The most effective constraint, the data shows, is not constitutional text but judicial independence. In South Korea, the Constitutional Court struck down aspects of pandemic emergency measures within six months of their enactment. In Germany, the Federal Constitutional Court limited the duration and scope of COVID-era restrictions. In Costa Rica, the Supreme Court required detailed justification for each renewal of health emergency powers. In all three cases, the emergency powers were lifted within 18 months of the emergency's official end.
What Comes Next
The Venice Commission, the Council of Europe's advisory body on constitutional matters, issued updated guidelines in December 2025 recommending that constitutions include mandatory judicial review of emergency declarations, automatic sunset clauses with no possibility of indefinite renewal, and opposition veto rights over extensions beyond 90 days.

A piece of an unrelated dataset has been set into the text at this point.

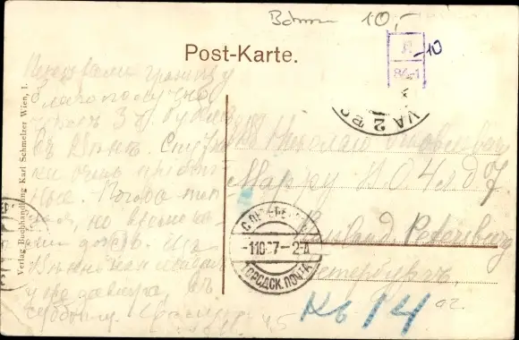 gelaufen, Eckknick rechts unten, Briefmarke entfernt, sonst guter Zustand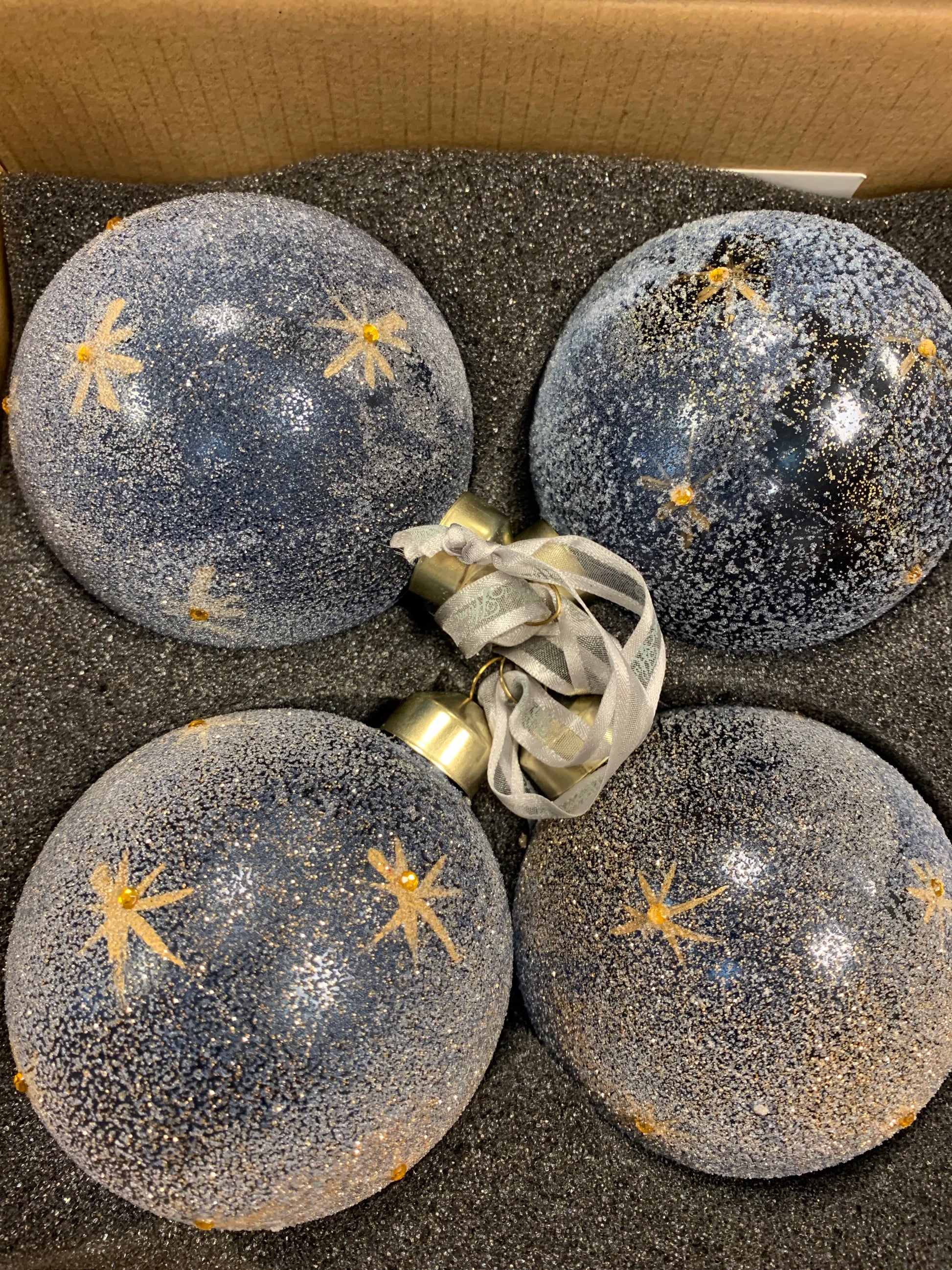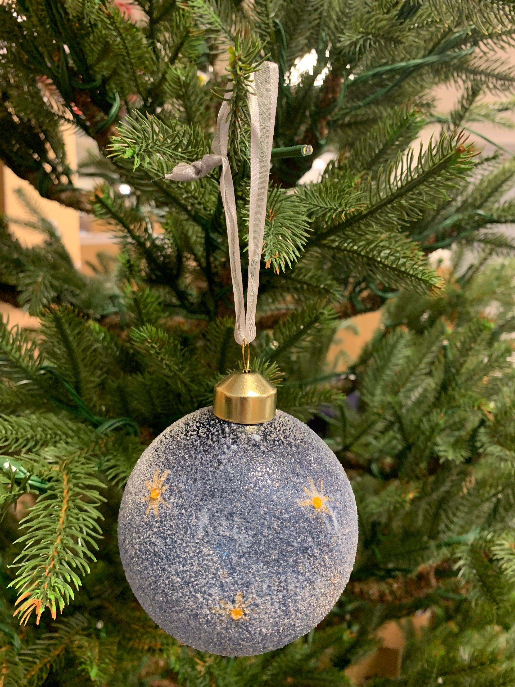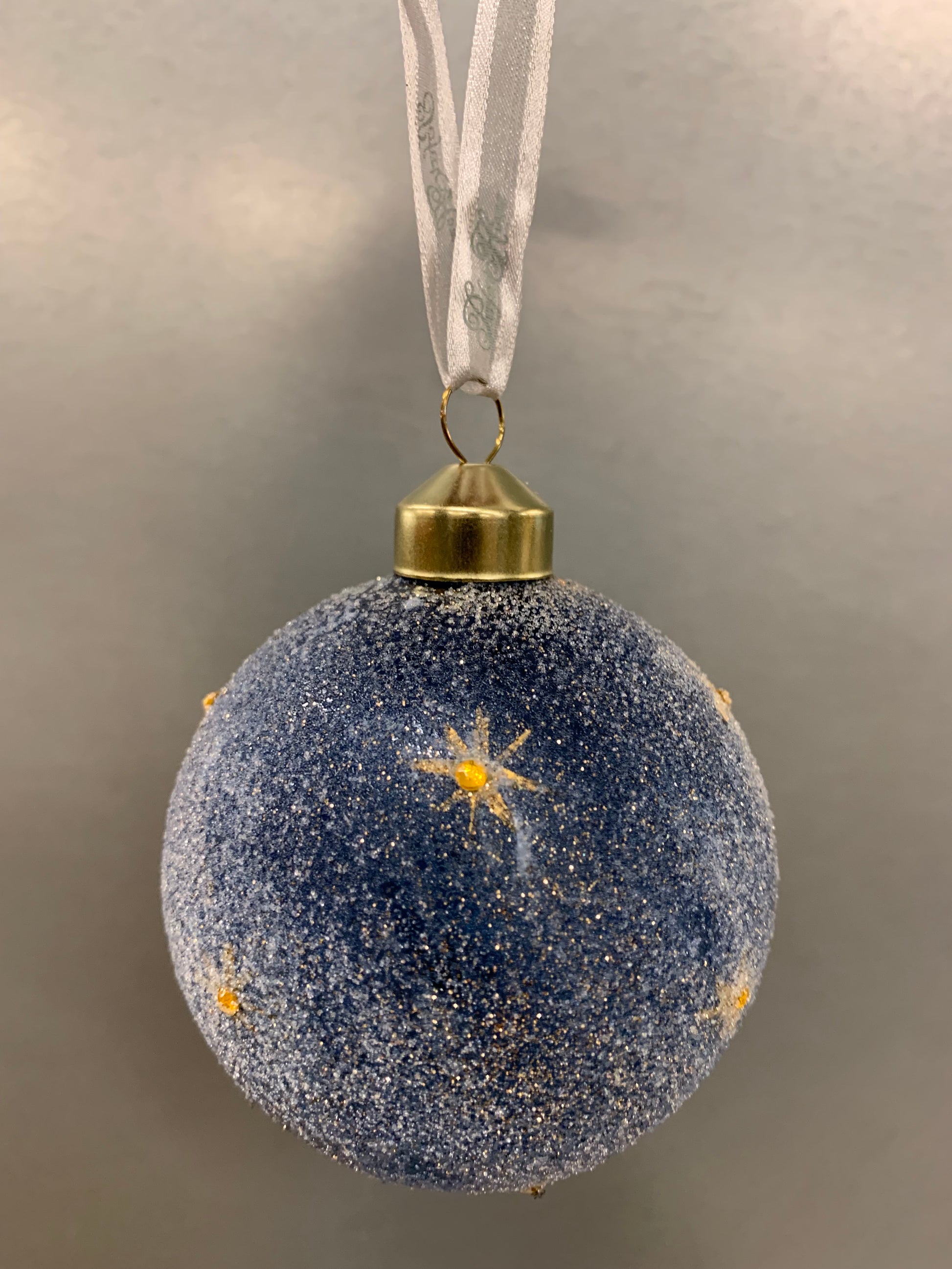 Vacker julkula i en fantastisk fin blåfärg. Kulan är dekorerad för hand med glitter och pärlor.

The recommendations have been adopted by Moldova and Montenegro in recent constitutional amendments. They have been ignored by the 23 countries in this analysis.
In San Salvador, María Elena Hernández has stopped counting the days since she last saw her son. She now counts the renewals of the state of exception — 48 and counting. 'They say it is temporary,' she said. 'But temporary for them means forever for us.' The 847-day average is not an abstraction. It is 847 days of suspended rights, silenced courts, and citizens waiting for a normal that may never return.